*Stored data*.

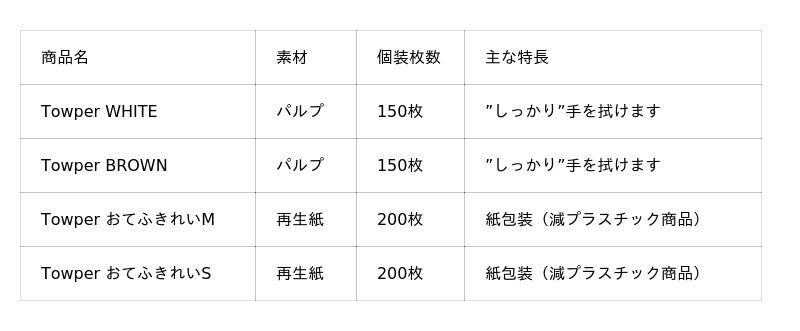特種東海製紙グループの株式会社トライフ(住所:静岡県島田市横井1-1-1、代表取締役社長:宮尾圭一)は、ペーパータオルブランド『Towper』(タウパー)から、4つの新商品を10月20日(月)に発売致しました。1972年、タウパーブランドのペーパータオルを発売して以来、業務用業界において、確かな品質・使い心地が評価され現在に至ります。この度、このプロ仕様のペーパータオルをご家庭にもお届けすることになりました。
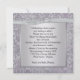 A very elegant lavender and silver 25th Wedding Anniversary invitation with just a hint of "grunge" - you can't go wrong with this colour combination. If you'd like the design on something not featured, I'm only an email away. I answer all emails within 24 hours. Personalise with your own information - to move the text or change the font or colour, click Customise It. Please email me at shutterbug600@yahoo.com if you need help.
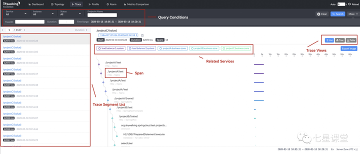 跟踪查询是与skywalking提供的分布式代理一样的典型特性.
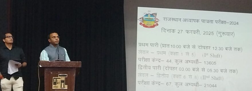 उन्होंने बताया कि परीक्षा 28 फरवरी, शुक्रवार को दो पारियों में होगी। प्रथम पारी में प्रातः 10 से दोपहर 12ः30 बजे तक तथा दूसरी पारी में अपरान्ह 3 से सायं 5ः30 बजे तक होगी। परीक्षा प्रारंभ होने के एक घंटा पूर्व तक ही परीक्षार्थी को परीक्षा केन्द्र में प्रवेश की अनुमति दी जाएगी। परीक्षा केन्द्र का मुख्य द्वार प्रथम पारी में प्रातः 9 बजे एवं द्वितीय पारी में दोपहर 2 बजे बंद कर दिया जाएगा।
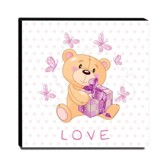 Quadro Infantil Ursinho Love Canvas 30x30cm-INF141 Colorido
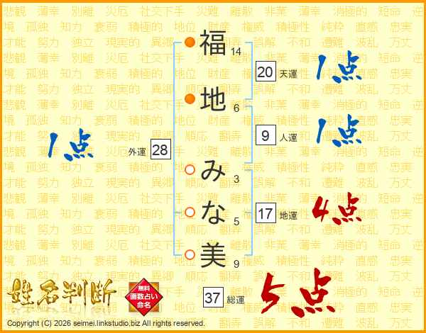 福(14画)地(6画) み(3画)な(5画)美(9画)
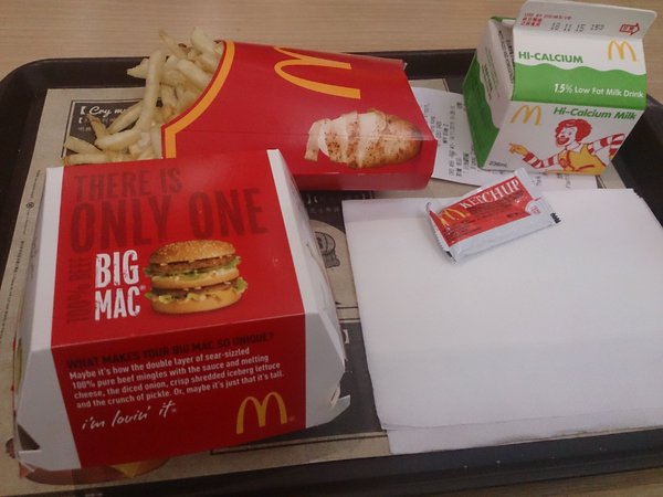 香港の空港で食べた。普通のマック。牛乳があるのが良い。
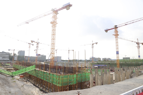 現(xiàn)場檢查的重點項目,所到之處,現(xiàn)場一片繁忙場景,項目施工有條不紊地進行。在鳳棲苑項目現(xiàn)場,只見土方運輸車輛在挖掘機的配合下正在有序穿行,將土方源源不斷的運出場地;德喜大橋施工現(xiàn)場焊花朵朵,工人們正對鋼拱圈和勁性骨架進行嚴(yán)絲密封的焊接作業(yè);德喜花苑施工現(xiàn)場數(shù)十臺塔吊高高聳立,正忙碌地將建筑材料運往各個樓層;尚德商務(wù)樓現(xiàn)場“封頂大吉”四個大字高高懸掛在施工3區(qū)的頂樓,1區(qū)和2區(qū)的工人正在認真綁扎鋼筋;北師大初高中新建宿舍樓和未來科技城北區(qū)工人們正在有序進行墻體砌筑等工作……
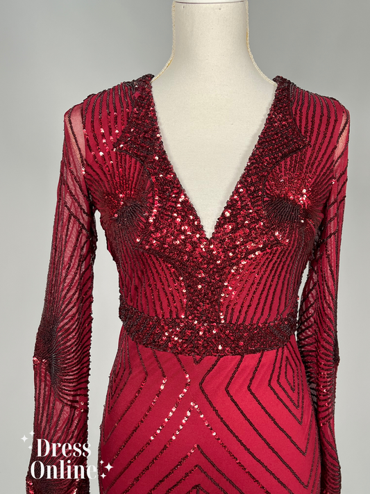 Elegante Donkerrode Avondjurk met Gedetailleerde Pailletten en Lange Mouwen - Maat S - 380
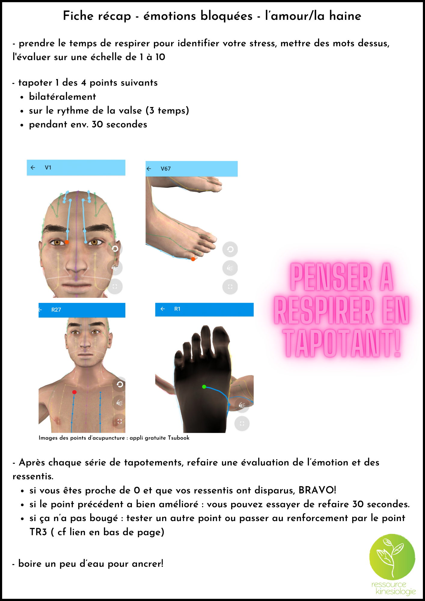 voici la fiche récap de la procédure et des points évoqués en séance pour vous aider à vous libérer de vos blocages dans l’amour ou la haine
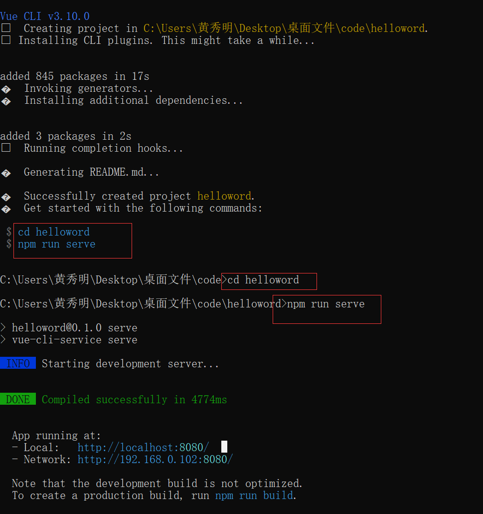 大家根据需求选择相应的配置项,一步步往后创建项目即可。项目创建成功之后,根据界面提示,可以执行如下两个命令行,进入项目目录,启动项目:
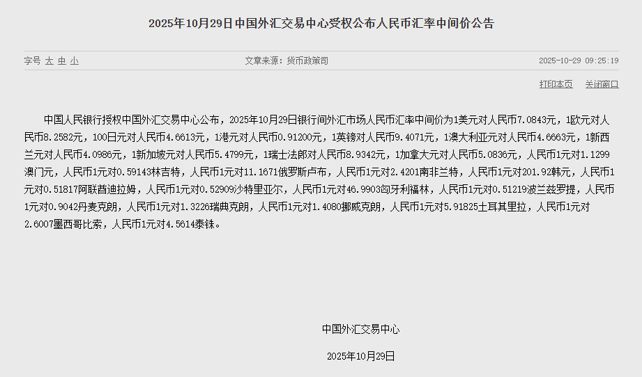 10月29日,据中国人民银行官网消息, 人民币兑美元中间价上调13个基点,报7.0843。Wind数据显示,10月29日, 在岸人民币对美元开盘小幅上涨,报7.1000,前一交易日16时30分收盘报7.1006。截至9时30分,离岸人民币对美元报7.09655。
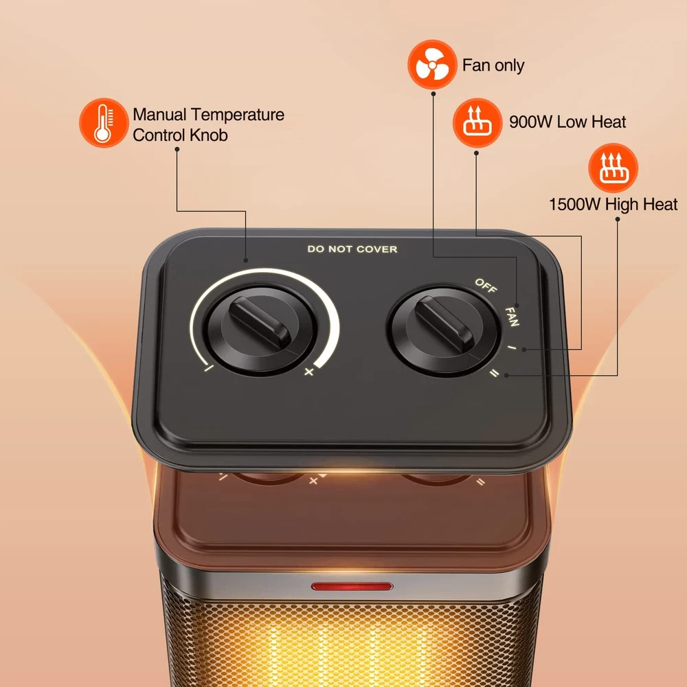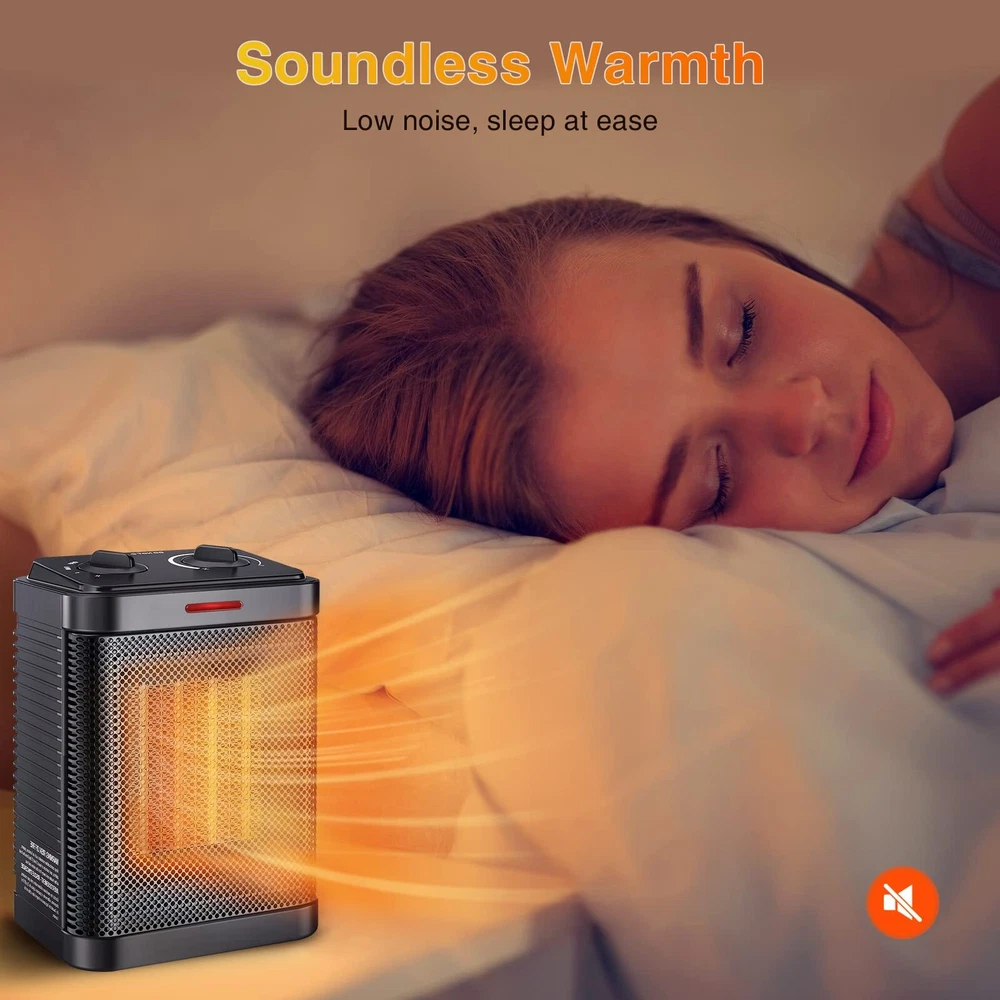 MULTI-HEATING MODES: 3 desired comfort settings, High Heat (1500 watts), Low Heat (900 watts), and Natural Wind, make this electric space heater perfect for warming up your home or home office area. Adjustable temperature settings help to quickly increase the temperature based on the thermostat control. DEFEAT COLD IN 2S: Ceramic space heaters are a great way to save floor space while beating the cold. Our advanced PTC ceramic heating element adopts quick heat technology to achieve rapid heating within 2 seconds. Dual wattage 900/1500W heat provides you with constant comfort. RELIABLE SAFETY PERFORMANCE: Our space heaters have built-in safety overheating and tip-over protection, the electric heater will auto turn off if accidentally tipped over or overheated cannot be controlled or surveilled, and will not harm children and pets. The power indicator light lets you know when it's plugged in. SAFE AND HASSLE-FREE: This tabletop heater features safety features to protect against tip-over and overheating. Made of premium-quality flame retardant material to avoid fire accidents. And certified by the United States Electrical Testing Laboratory (ETL). Your family enjoys being wrapped in the safe and quiet heat through dark and cold months. COMPACT SPACE SAVINGS: Dimensions are 6.3" long, 4.73" wide, 8.66" high, and weigh 2.43 lbs. Small indoor electric heaters with two heating modes are an excellent design for homes, dorms, studios, and offices. Adopt the convection heating method to create a comfortable environment.

*TASK STATEMENT*. Word for word, retype the lines in the entries above that run from the one with "現(xiàn)場檢查的重點項" through the one with "voici la fiche". Both ends count; pictures do not.

*EXERCISE OUTPUT*.
 現(xiàn)場檢查的重點項目,所到之處,現(xiàn)場一片繁忙場景,項目施工有條不紊地進行。在鳳棲苑項目現(xiàn)場,只見土方運輸車輛在挖掘機的配合下正在有序穿行,將土方源源不斷的運出場地;德喜大橋施工現(xiàn)場焊花朵朵,工人們正對鋼拱圈和勁性骨架進行嚴(yán)絲密封的焊接作業(yè);德喜花苑施工現(xiàn)場數(shù)十臺塔吊高高聳立,正忙碌地將建筑材料運往各個樓層;尚德商務(wù)樓現(xiàn)場“封頂大吉”四個大字高高懸掛在施工3區(qū)的頂樓,1區(qū)和2區(qū)的工人正在認真綁扎鋼筋;北師大初高中新建宿舍樓和未來科技城北區(qū)工人們正在有序進行墻體砌筑等工作……
 Elegante Donkerrode Avondjurk met Gedetailleerde Pailletten en Lange Mouwen - Maat S - 380
 voici la fiche récap de la procédure et des points évoqués en séance pour vous aider à vous libérer de vos blocages dans l’amour ou la haine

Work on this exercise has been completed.